1. This site uses cookies. By continuing to use this site, you are agreeing to our use of cookies. Learn More.

@REGEX revisited

Discussion in 'Support' started by vefatica, Jul 20, 2010.

  1. vefatica

    Joined:
    May 20, 2008
    Messages:
    7,972
    Likes Received:
    30
    The help says "Returns the number of matching groups in the string" (if groups were specified). I may have misinterpreted that (probably did) to mean the number of matches. Whereas I suppose you meant the number of groups for which matches were found. [Recommend better wording]

    In any case, @REGEX does not live up to its documentation, as this example shows.

    Code:
    echo %@regex[(a)|(b)|(c),maam]
    4
    One group was matched, and there were two matches.

    I have some code that does both (it could do either, I suppose) ... I'd be glad to share it with you. Some examples far below.

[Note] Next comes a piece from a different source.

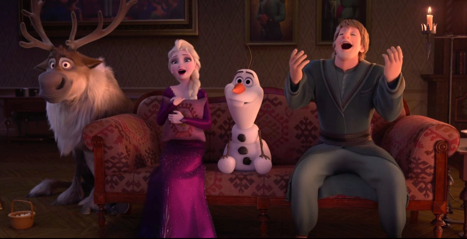 One of the opening scenes includes Olaf and the crew playing charades. It is as cute as you can imagine. Olaf does a fantastic impersonation of Elsa, and even SHE giggles at his cuteness.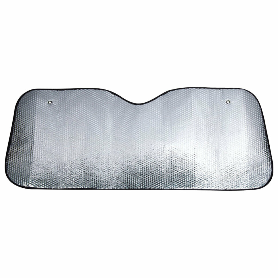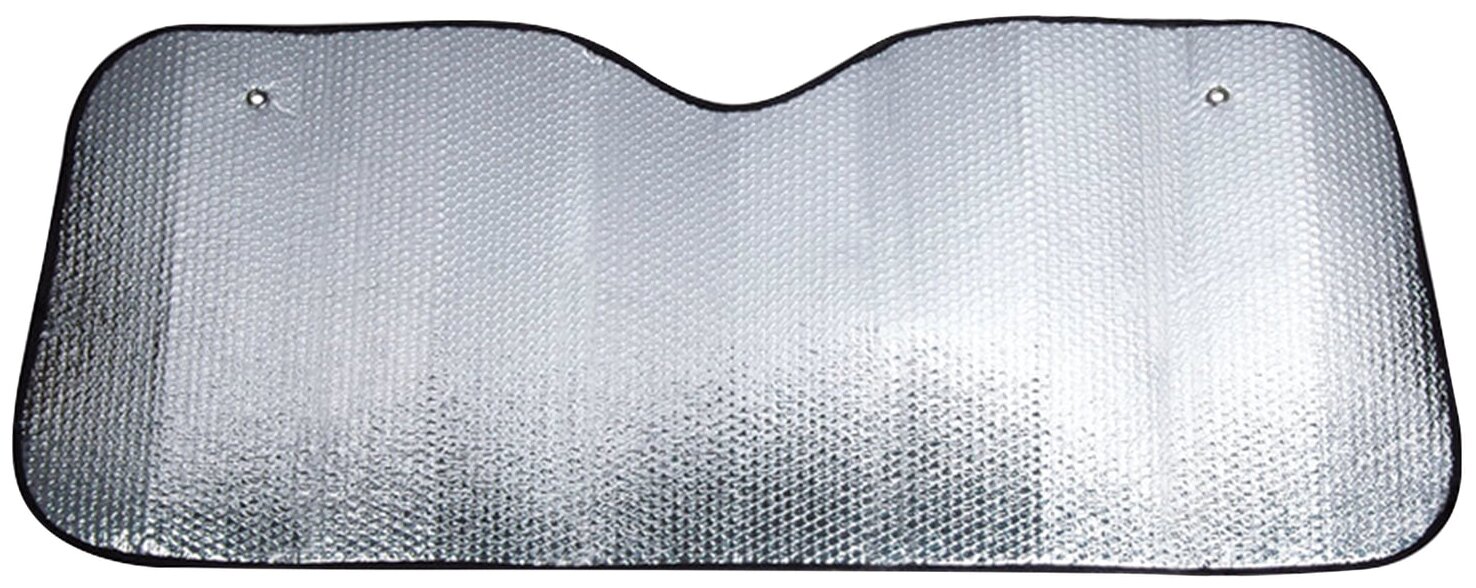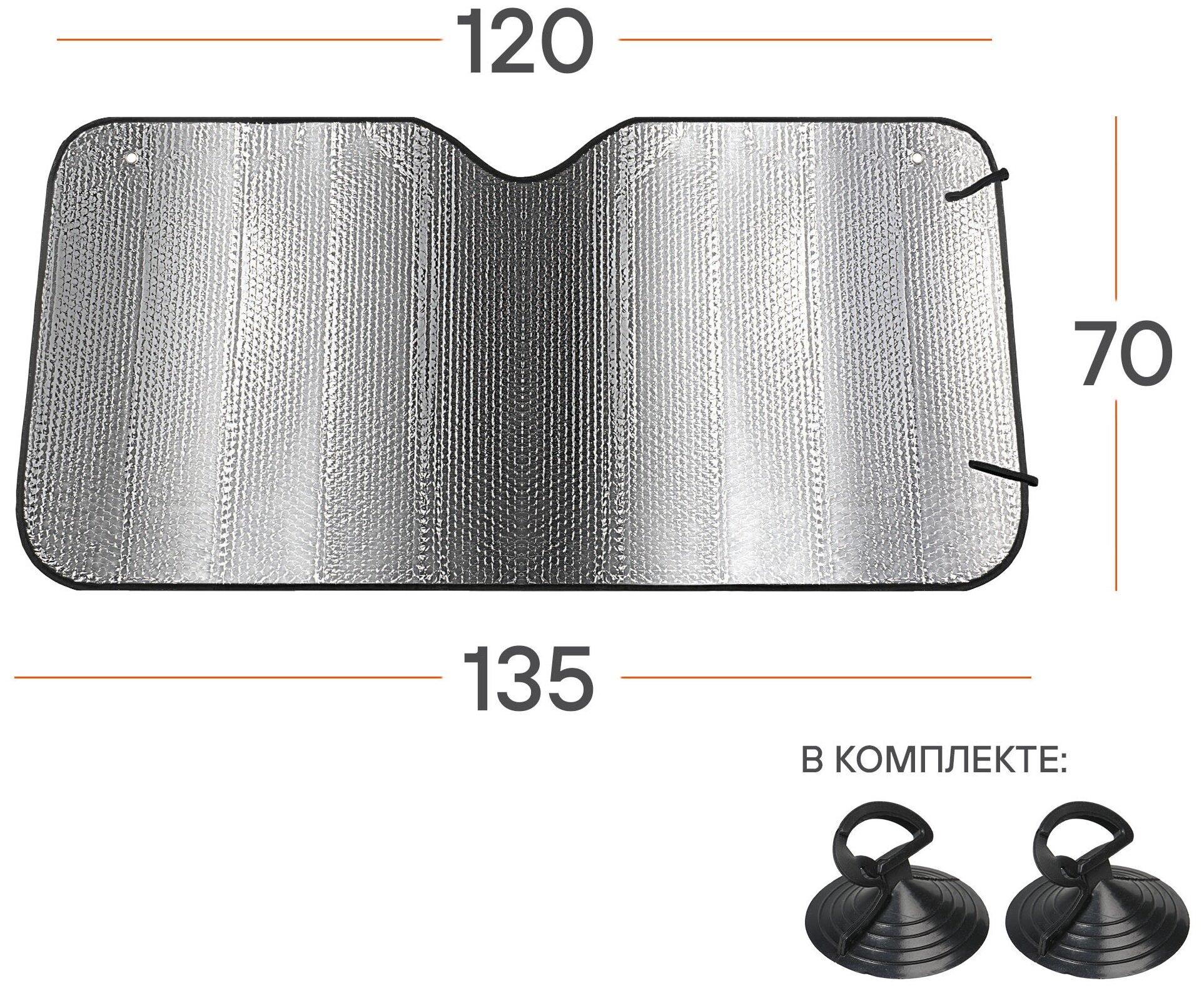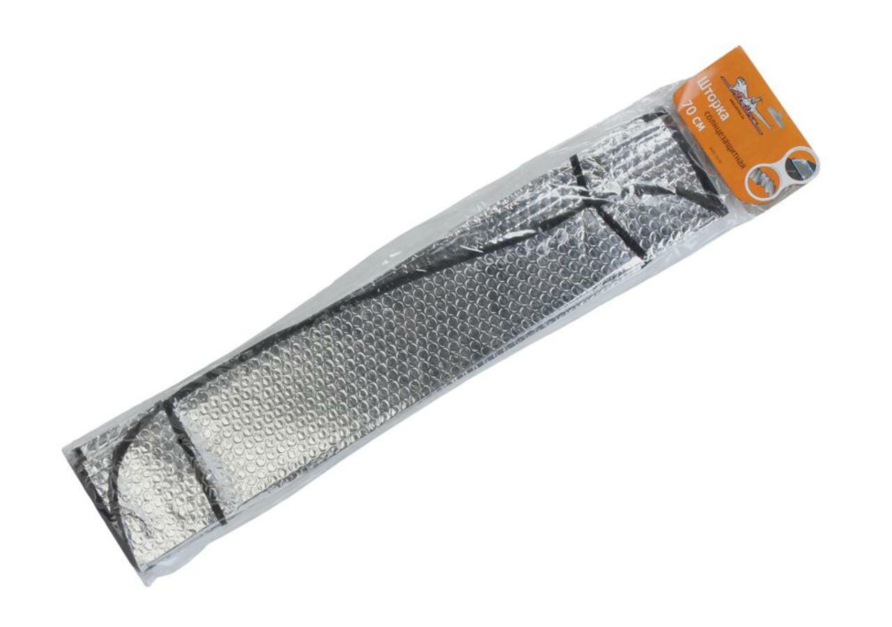 Двусторонняя солнцезащитная шторка размером необходима для блокировки попадания солнечных лучей со стороны лобового стекла в салон машины. Серебристая поверхность шторки отражает солнечные лучи, защищая салон и торпеду автомобиля от нагрева. Крепится к лобовому стеклу с помощью двух присосок. Высота шторки 70 см - идеальна для средне размерных автомобилей.

    It doesn't seem to make much sense to count groups that were matched unless the regex is a disjunction of groups. For example
    Code:
    %@REGEX[(a)(b),...]
    will only match if both groups match. Even with a disjunction of groups, the results may not be as expected. For example, in
    Code:
    %@REGEX[(\d)|(2),...]
    (2) will never be matches because each onig_search or onig_match will match (\d) first (and stop). [But all that's the user's problem.]

    Here's an example of what I've got. %XMATCH[] returns a pair: number of matches,number of matched groups.

    Code:
    v:\> echo %@xmatch[(i)|(s)|(q),Mississippi]
    8,2
    8 matches, 2 groups matched

    I don't know what sort of thing to test here. Folks, please make suggestions.

    Here's the working part of my code (it's quite fast; handles up to 63 groups).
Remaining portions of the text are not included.